Custer is President Emeritus of the Patronato Cultural del Perú, as well as belonging to the “Group of 50” in Washington DC., as well as numerous museums and other NGO boards in Peru and abroad.
Tony Custer is the author of “The Art of Peruvian Cuisine” volumes I & II, with 110,000 copies is Peru’s bestseller cookbook. The entire proceeds of which are dedicated to sustaining and developing The Aprendamos Juntos Program. The same is true for his series of four children’s books featuring the moralizing adventures of a young bearcub “Las aventuras del Osezno Febezno”.

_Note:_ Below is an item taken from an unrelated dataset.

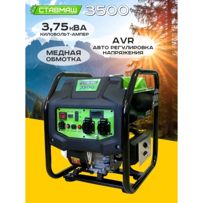Ставмаш 3500 - бензиновый генератор инверторного типа, с четырехтактным двигателем и суммарной мощностью подключаемых потребителей 3000 Вт.
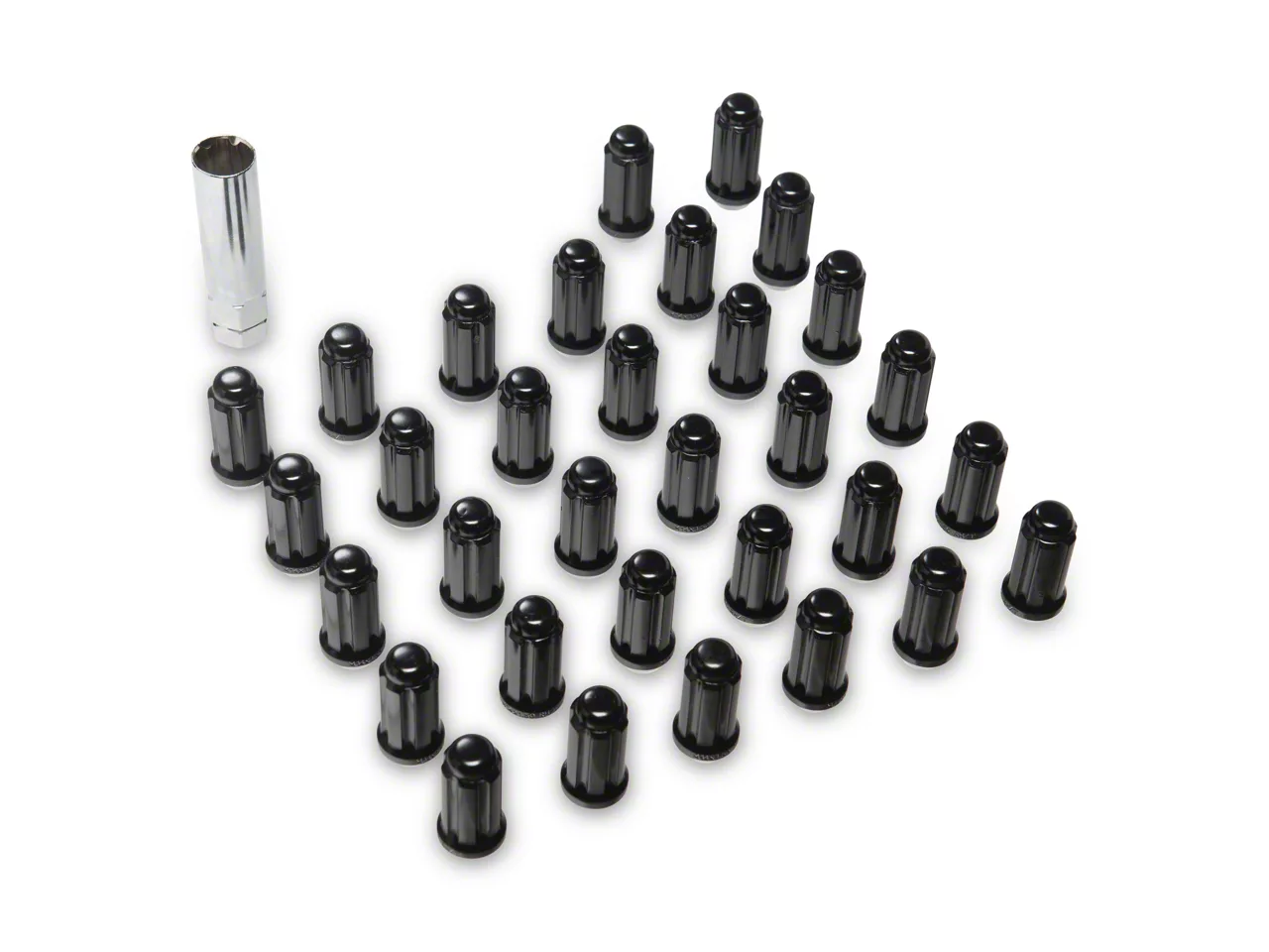 Durable and Secure Wheel Fastening. The Black Spline Lug Nuts are designed to provide superior strength and security for your vehicle's wheels. This set of 32 lug nuts features an M14x1.5 size, making them a perfect fit for your F-250 Super Duty.

Mr. Custer received an honors degree on Economics from Harvard College in 1976 and an MBA from the Harvard Business School in 1979. He is fluent in Spanish, English and French and has knowledge of Italian. He is married to Ana María Guiulfo, one of Peru’s top fashion designers and has five children and ten grandchildren.

His hobbies are: the gastronomy, sailing, skiing and the design and construction of “picnic boats”. Mr. Custer is also composer, arranger and singer of three music albums that can be found in Spotify and Youtube under the names: “Canciones sencillas de amor”, “Pandemic Suite” and “Random Thoughts and Melodies”.